Commit Graph

11 Commits (master)

Author SHA1 Message Date
Dustin 93c86f0fe3 ci: Restart production deployment after build
dustin/k8s-reboot-coordinator/pipeline/head This commit looks good Details
2025-09-27 09:46:05 -05:00
Dustin 2596864c8c ci: Begin Jenkins build pipeline
dustin/k8s-reboot-coordinator/pipeline/head This commit looks good Details
Specifying these compute resources to ensure builds to not run on
Raspberry Pi nodes, but instead trigger the autoscaler to launch an EC2
instance to run them.
2025-09-26 10:23:12 -05:00
Dustin 0f57f2c582 kubernetes: Add example manifests 2025-09-25 18:23:43 -05:00
Dustin 976518dd03 Rename controller → coordinator
The term _controller_ has a specific meaning in Kubernetes context, and
this process doesn't really fit it.  It doesn't monitor any Kubernetes
resources, custom or otherwise.  It does use Kubernetes as a data store
(via the lease), but I don't really think that counts.  Anyway, the term
_coordinator_ fits better in my opinion.
2025-09-25 18:03:41 -05:00
Dustin afb0f53c7b Add container build script 2025-09-25 18:01:39 -05:00
Dustin d937bd6fb2 drain: Retry failed evictions
If evicting a pod fails with an HTTP 239 Too Many Requests error, it
means there is a PodDisruptionBudget that prevents the pod from being
deleted.  This can happen, for example, when draining a node that has
Longhorn volumes attached, as Longhorn creates a PDB for its instance
manager pods on such nodes.  Longhorn will automatically remove the PDB
once there are no workloads on that node that use its Volumes, so we
must continue to evict other pods and try evicting the failed pods again
later.  This behavior mostly mimics what `kubectl drain` does to handle
this same condition.
2025-09-25 12:26:00 -05:00
Dustin 7d8ee51016 drain: Add tools to drain pods from nodes on lock
Whenever a lock request is made for a host that is a node in the current
Kubernetes cluster, the node will now be cordoned and all pods evicted
from it.  The HTTP request will not return until all pods are gone,
making the lock request suitable for use in a system shutdown step.
2025-09-24 19:38:39 -05:00
Dustin 2ea03c6670 lock: Return message text on success
Since the lock API is intended to be used from command-line utilities
and shell scripts, we should return a helpful message when successful.
2025-09-24 14:44:17 -05:00
Dustin 4bb72900fa Begin lock/unlock implementation
This commit introduces two HTTP path operations:

* POST /api/v1/lock: Acquire a reboot lock
* POST /api/v1/unlock: Release a reboot lock

Both operations take a _multipart/form-data_ or
_application/x-www-form-urlencoded_ body with a required `hostname`
field.  This field indicates the name of the host acquiring/releasing
the lock.  the `lock` operation also takes an optional `wait` field.  If
this value is provided with a `false` value, and the reboot lock cannot
be acquired immediately, the request will fail with an HTTP 419
conflict.  If a `true` value is provided, or the field is omitted, the
request will block until the lock can be acquired.

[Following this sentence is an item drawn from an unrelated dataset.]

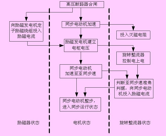 高压断路器合闸后,励磁器触发晶闸管,向励磁发电机的定子励磁绕组通以一定的励磁电流。随着电机转速的升高,励磁发电机的转子电枢绕组电压逐渐升高,当其高于旋转整流器的最低工作电压后,由其供电的旋转整流器控制器上电,旋转整流器监测同步电动机励磁绕组上的感应电压,当其周期大于预设值(表示同步电动机已到达亚同步速)且到达反向过零点时,触发整流晶闸管,关断灭磁晶闸管,将励磁发电机的转子电枢电压整流后加在同步电动机的励磁绕组上,完成投励。

Locking is implemented with a Kubernetes Lease resource using
Server-Side Apply.  By setting the field manager of the `holderIdentity`
field to match its value, we can ensure that there are no race
conditions in acquiring the lock; Kubernetes will reject the update if
both the new value and the field manager do not match.  This is
significantly safer than a more naïve check-then-set approach.
2025-09-24 08:25:32 -05:00
Dustin 2a10c815be catcher: Add trailing newline to body text
Since the API provided by this service is intended to be used on the
command line e.g. with `curl`, we need our responses to have a trailing
newline.  This ensures that, when used interactively, the next shell
prompt is correctly placed on a new line, and when used
non-interactively, line-buffered output is correctly flushed (i.e. to a
log file).
2025-09-24 08:17:06 -05:00
Dustin 6f7160fc02 Initial commit 2025-09-24 08:17:03 -05:00